I have two models, an SI (speaker independent) model, which is already trained, and an SD (speaker dependent) model (to be learned). At the beginning, they are the same. I want to adapt SI to a new speaker by minimizing CTC loss on SD data, starting from SI model. But since I do not want to overfit, I add a weighted KLD loss to the CTC, to prevent the adapted model to go too far from the SI model. The weighting factor is self.mu in the loss.
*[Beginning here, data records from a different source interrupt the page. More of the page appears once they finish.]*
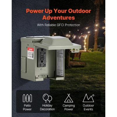 GFCI Protection for Outdoor Use: Ideal for temporary outdoor power needs—whether you’re decorating your yard, setting up for Halloween, or powering up at the campsite—our temporary power outlet panel offers a convenient and reliable solution for all your electricity requirements.
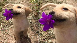 This adorable dog gets his owner a flower as a gif...
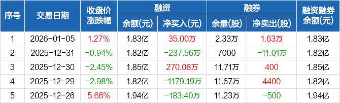 三峡新材:融资净买入35万元,融资余额1.83亿元(01-05)
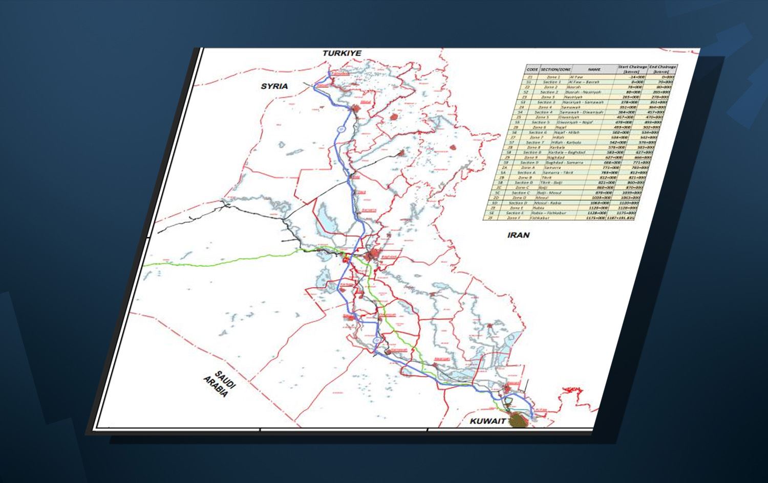 ووفقاً للمعلومات، فإن لإقليم كوردستان ملاحظات على هذا المسار والمسافة وموقع مروره عبر إقليم كوردستان.
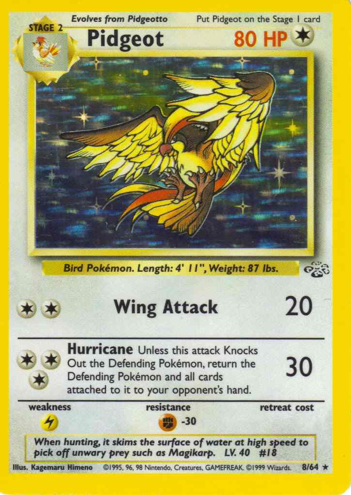 | Type | Colorless | | Pokemon serie | Jungle | | Stadie | Stage 2 | | HP | 80 | | Sjældenhed | Rare | | Modstand | F | | Svaghed | L | | Kortnummer | 8 | | Evne |
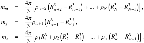 Here, we follow the same notation as Coyette et al. (2012). With this, we can write12 for the mass of the mantle, the fluid, and the inner core (B.1)The mean density of the inner core reads as
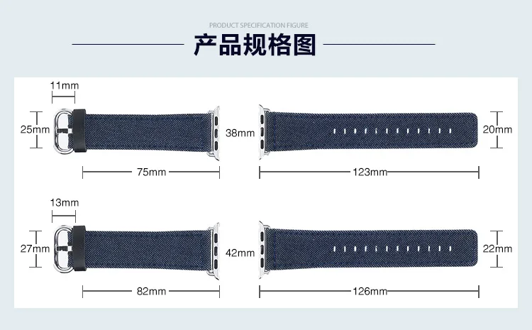| [해외] Dahase 레저 스타일 블루 데님 손목 스트랩 apple watch 시리즈 2 시계 밴드 iWatch 첫번째 42 미리메터 38 미리메터 진 팔찌 새로운 |
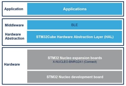 The X-CUBE-BLE2 expansion software package for STM32Cube runs on the STM32 and includes drivers for BlueNRG-2and BlueNRG-2N Bluetooth® low energy devices.
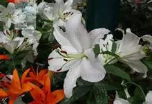 麝香百合:在中国台湾亦称铁炮百合。鳞茎球形或近球形,高2.5-5厘米;鳞片白色。茎高45-90厘米,绿色,基部为淡红色。叶散生,披针形或矩圆状披针形,两面无毛。花单生或2-3朵;花喇叭形,白色,筒外…全部>>
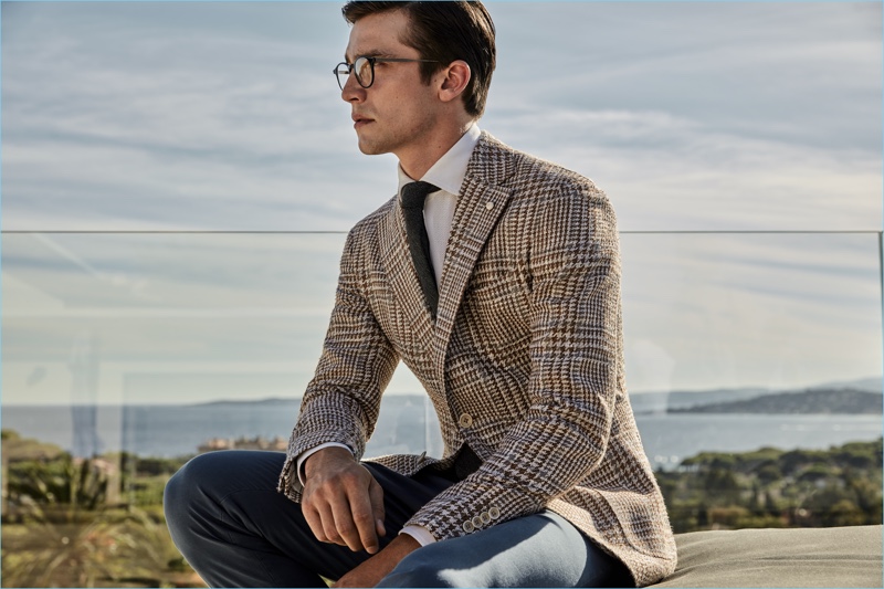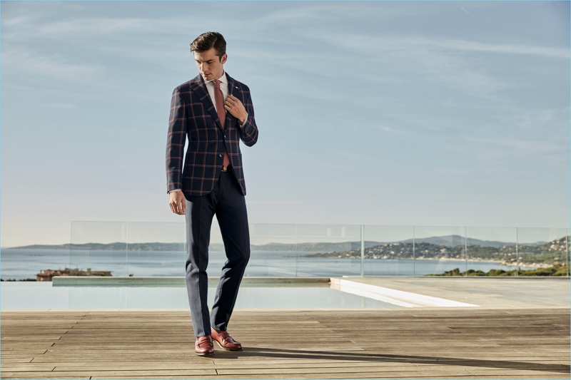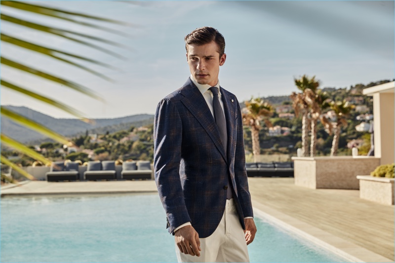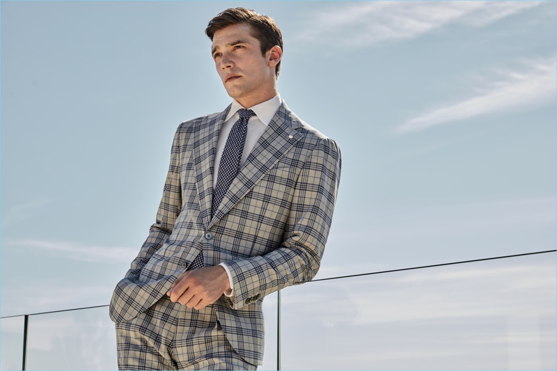 Model Alexis Petit sports a check blue suit from Luigi Bianchi Mantova.
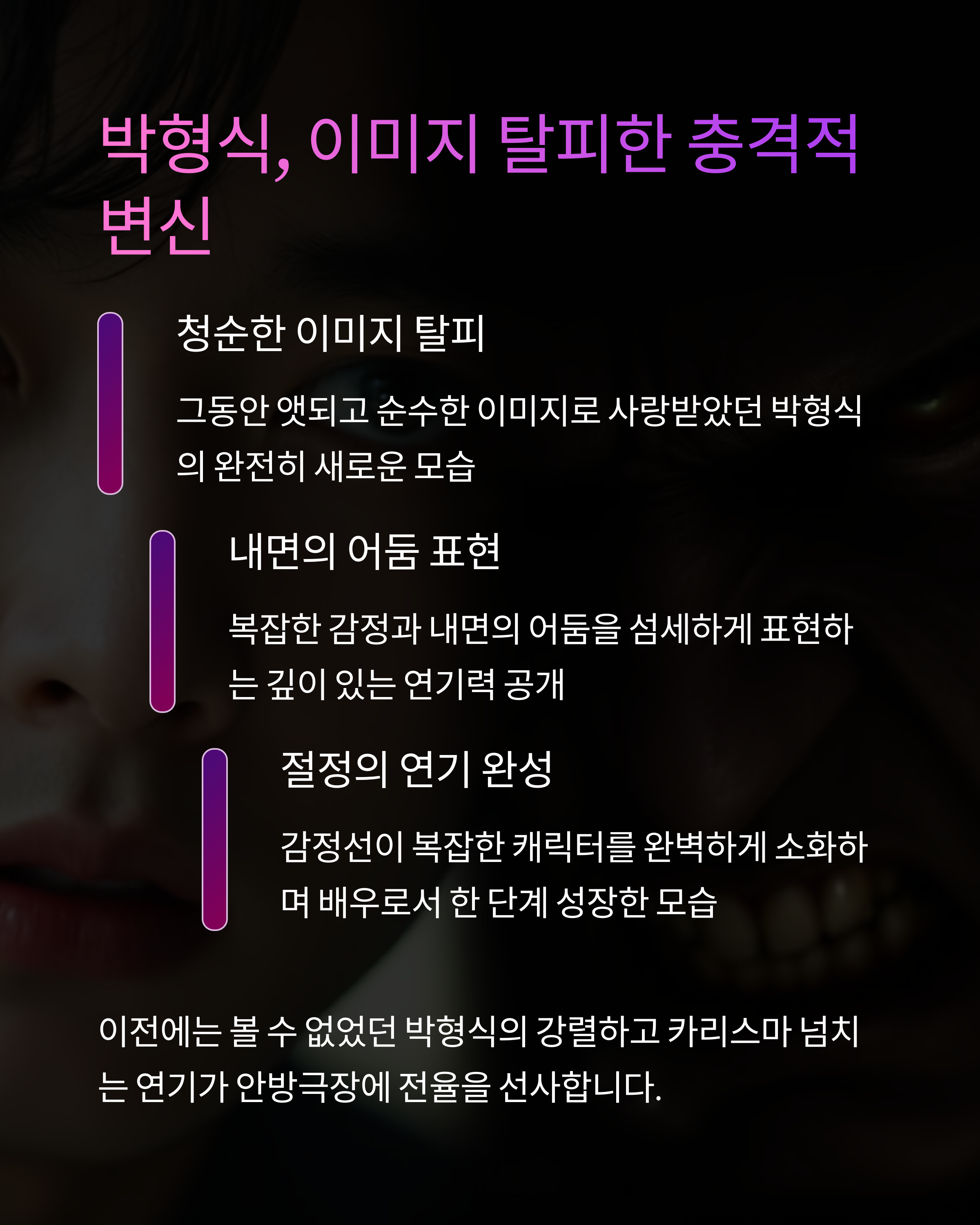 특히 연기력 면에서 가장 큰 찬사를 받은 배우는 단연 박형식이에요. 그동안 부드럽고 밝은 이미지였던 그가 이번에는 다크하고 차가운 캐릭터로 완벽하게 변신했어요. 냉철하지만 내면에는 깊은 상처를 가진 서동주 역을 섬세하게 그려냈고, 눈빛 연기만으로도 시청자들을 몰입시켰어요.

The loss code looks like this:

import torch

from warp_ctc_pytorch import CTCLoss

from torch.nn import KLDivLoss as KLD

from torch.nn.functional import F

class CTC_KLD(nn.Module):

def **init**(self, mu):

super(CTC_KLD, self).**init**()

self.mu = mu

self.ctc_loss = CTCLoss(length_average = True)
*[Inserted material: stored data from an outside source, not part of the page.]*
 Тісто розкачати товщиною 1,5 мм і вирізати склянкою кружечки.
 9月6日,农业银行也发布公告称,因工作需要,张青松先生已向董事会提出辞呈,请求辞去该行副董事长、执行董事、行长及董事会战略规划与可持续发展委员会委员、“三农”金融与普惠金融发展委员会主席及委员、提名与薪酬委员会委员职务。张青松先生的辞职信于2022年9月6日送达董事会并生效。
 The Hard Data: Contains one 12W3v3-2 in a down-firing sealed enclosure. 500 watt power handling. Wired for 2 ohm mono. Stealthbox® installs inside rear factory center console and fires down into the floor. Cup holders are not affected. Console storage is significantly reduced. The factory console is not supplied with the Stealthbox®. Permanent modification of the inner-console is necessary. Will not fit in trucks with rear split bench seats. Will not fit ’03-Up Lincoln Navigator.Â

self.KLD = KLD(size_average = False)

def forward(self, SI_logits, SD_logits, SD_targets, SD_target_sizes, input_sizes, input_sizes_list):

SD_logits_ctc = torch.transpose(SD_logits, 0, 1).contiguous() # SD_logits_ctc size: T, N, D

CTC_loss = self.ctc_loss(SD_logits_ctc, SD_targets, input_sizes, SD_target_sizes).type(torch.cuda.FloatTensor) # ctc loss

```
SI_logits = rnn_utils.pack_padded_sequence(SI_logits, input_sizes_list, batch_first = True).data
SD_logits_KL = rnn_utils.pack_padded_sequence(SD_logits, input_sizes_list, batch_first = True).data
batch_size = SI_logits.size(0)
log_probs_SD = F.log_softmax(SD_logits_KL, dim = 1)
probs_SI = F.softmax(SI_logits, dim = 1)
KLD_loss = self.KLD(log_probs_SD, probs_SI) / batch_size
loss = (1.0 - self.mu) * CTC_loss + self.mu * KLD_loss
return loss
```

In the main script, for an input variable x of size N, T, D, which contains N sequences from the new speaker, it first goes through both SI and SD models, to obtain SD_logits and SI_logits, then I detach SI_logits from the graph using SI_logits = SI_logits.detach(), since the SI model should not be updated. It only provides the targets for the KLD loss. Then, I pass SI_logits and SD_logits through the loss function.

In the above loss code, if I wrote loss = CTC_loss, then the training works fine. But when I wrote loss = 1.0 * CTC_loss + 0.0 * KLD_loss (in which self.mu = 0), the result (measured by word error rate in speech recognition) becomes very different than simply writing loss = CTC_loss, but they should be the same loss function (with only CTC_loss). Anyone has any ideas why they differ a lot?